Cool John Ferguson moved back down to South Carolina some time ago, so he doesn't play around the Triangle much anymore. But he's back this weekend to play a Saturday night show at his onetime home court, Durham's All People Grill. Below is a feature from 2003, when Ferguson was playing the APG almost every Saturday night. This is the pre-edited "extended cut," a longer version than what ran in the paper.
A Master of Blues Finds His Home
By David Menconi, News & Observer
Aug. 17, 2003
DURHAM -- Cool John Ferguson is misnamed. Oh, he’s cool, all right, in the sense that people are drawn to him. But put a guitar in his hands, and Cool John is red hot. His milky brown eyes bug out and sweat pours off him, enough that he has to towel off after every song. He’s not the only one, either. Any room he’s in heats up fast — especially if it’s his home court, the All People Grill in Durham, where Ferguson holds forth most Saturday nights.

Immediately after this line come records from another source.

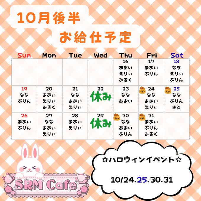 固定みるく👻【SRMカフェ】@milk_SRMCafe·13時間です👻引用SRMカフェ@池袋メイドカフェ@C_SRM_·19時間お待たせいたしました😌✨✨ 10月後半のお給仕予定です❣️ 急な変更がある場合がございますので、 最新の情報はTwitterをご確認ください❣️ ハロウィンイベント開催します🎃👻 お楽しみに❣️ #池袋コンカフェ #池袋メイドカフェ #池袋 #コンカフェ #メイドカフェ #SRMカフェ88
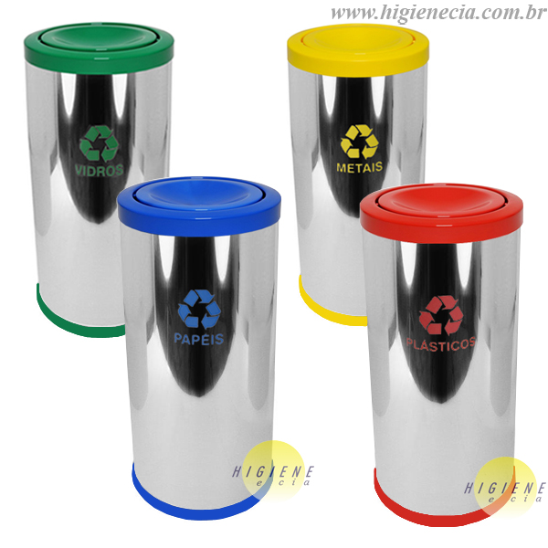 Com ou sem adesivos correspondente a cada tipo de material reciclável.
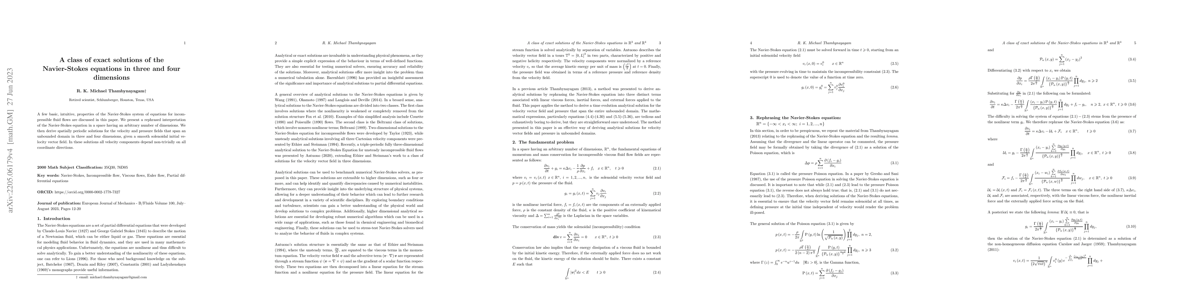 This paper reinterprets the Navier-Stokes equations for incompressible fluid flows in arbitrary dimensions and derives exact, spatially periodic solutions for velocity and pressure fields in three and four dimensions, given a smooth initial velocity field. These solutions exhibit non-trivial dependencies on all coordinate directions.
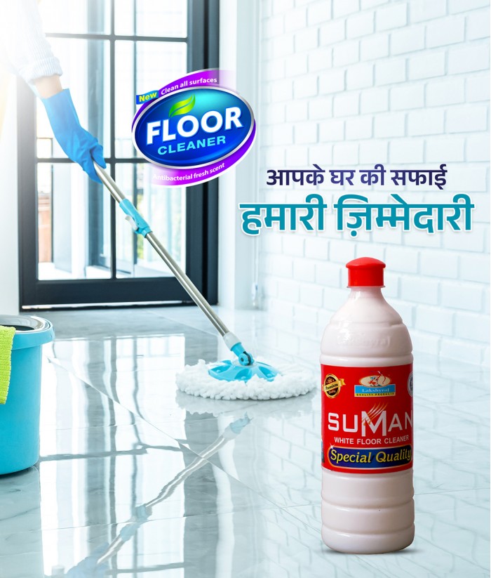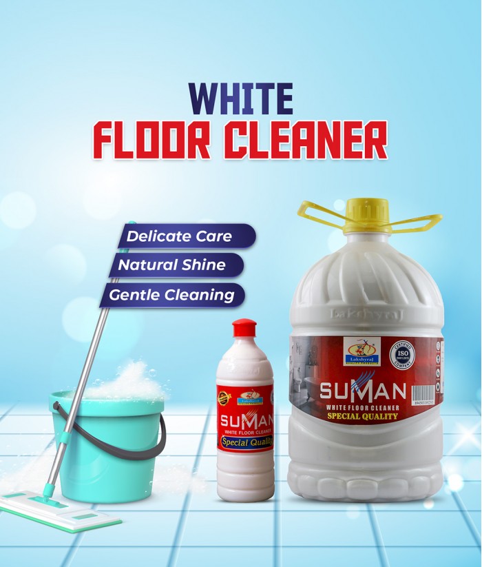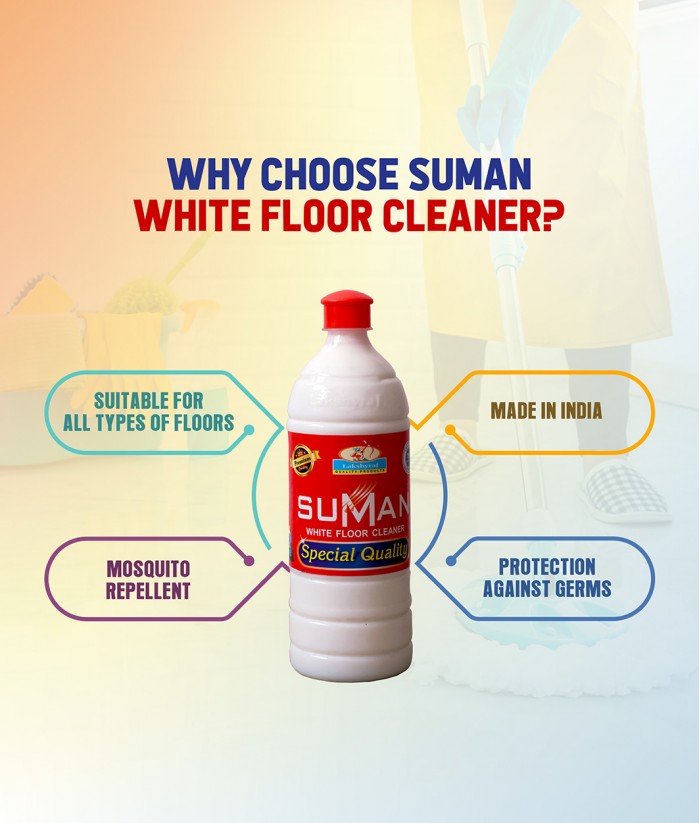 Suman is highly concentrated floor cleaner. Suman keeps floor shining and clean and gives pleasant fragrance. Its gives better result in hospitals and homes. Keeps flies, mosquitoes and insects away.Take 25ml SUMAN White Floor Cleaner and Mix with 5 Ltr water. Mix the solution & Sprinkle it over floor. Then swap the floor with plain water to get better result.Pack Size : 1 Ltr - 20PCs | 5 Ltr - 4PCs..

"We’d like to slow it down right here," he murmurs, strumming his guitar and adjusting the foot pedals. The crowd stills, if you can call 60 people a crowd, but the room is full. Like any good juke joint, All People Grill has Christmas lights up year-round. The smell of fried soul food hangs heavily, chicken and barbecue. There’s no stage, just a corner of the room with amplifiers piled on a pool table behind the drummer.
As Ferguson begins stroking a guitar figure, his bassist and drummer swing in behind him, setting a slow pulse. The song is Jerry Butler’s "I Stand Accused" and Ferguson takes it back to church, testifying as if in a pulpit.
"Everyone is gonna cry," he declares, "and Cool John is guilty of lovin’ you."
"Yeah!" answers the chorus from the faithful. Cool John plays on, moving medley-style into an old Sam Cooke number.
"Darlin’, yooooooooou...send me," he croons softly, then eases into a guitar solo that almost whispers. He plays a series of notes that slowly descend, seeming to hang in the air as he takes a step toward the audience.
“Oh my goodness!” calls out a female voice, gasping. Cool John massages the notes, making everyone in the room feel like he’s playing to them and them alone. The effect is supernatural, music you can practically see. Now it almost sounds like plaintive whale calls, except the whale is somehow gliding around this tiny room tickling the back of everyone’s neck.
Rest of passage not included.